El palacio lucía cada vez más lleno de recuerdos, los cinco minutos de rememorar su vida
antes de morir, a pesar de que ese había sido el mismo lugar en el que había marcado su
propia sentencia. Cerró los ojos intentando llevarse tantos momentos felices como pudiera,
pero en cuanto los abrió encontró una amplia plaza rodeada de personas, en cuyo final se
encontraba sentado el rey. El, con sus pavorosas prendas y su prominente barba, se veía
aburrido, su mirada caía en los árboles rosados por la temporada, ni siquiera parecía ponerle
atención a su hijo, el cual jugaba a sus pies, ajeno a la tragedia que estaba por ocurrir.
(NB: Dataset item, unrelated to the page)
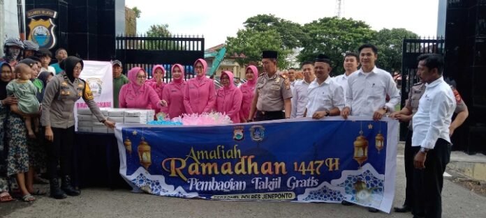 ACTUALNEWS.ID, Jenepinto -Dalam rangka menebar berkah di bulan suci Ramadhan, Satuan Narkoba Polres Jeneponto bersama ibu-ibu Bhayangkari melaksanakan kegiatan sosial dengan membagikan takjil gratis kepada masyarakat di Mapolres Jeneponto, Rabu (11/3/2026).

La reina fue empujada hacia el centro del lugar, donde dos trozos de madera habían sido
puestos. En uno de ellos se encontraba el hombre con el que había compartido cama un par de
veces, mano derecha del rey, su consejero. Se sintió mareada en cuanto la realidad la golpeó:
estaba a punto de morir. Respiró varias veces y se mantuvo de pie, el guardia tras ella la
agarró con fuerza obligándole a arrodillarse y poner su cabeza contra el pedazo de tronco.
Finalmente, el rey la miró y se puso de pie, los señaló con una mano, mientras todo el pueblo
se quedó en silencio.

-He aquí aquellos que osan insultarme en mi propia casa- comenzó, destilando desprecio en
cada palabra-, que esto sea una prueba de mi grandeza y poder.

- ¡Larga vida al rey! -exclamó el guardia tras ella, seguido por un coro de personas.

Como lo odiaba. Podía escuchar como los guardias decían cosas tras de sí que eran parte de
la tradición, pero ella solo tenía sus ojos fijos en el rey. Lo odiaba, lo odiaba, lo odiaba. Si
estuviese cerca le clavaría un cuchillo en lo más profundo de su garganta. Con ese
pensamiento en mente y las pocas fuerzas que le quedaban, logró mover su brazo y levantar
su dedo hacia el rey, justo en el momento en que el hacha cayó sobre su cuello.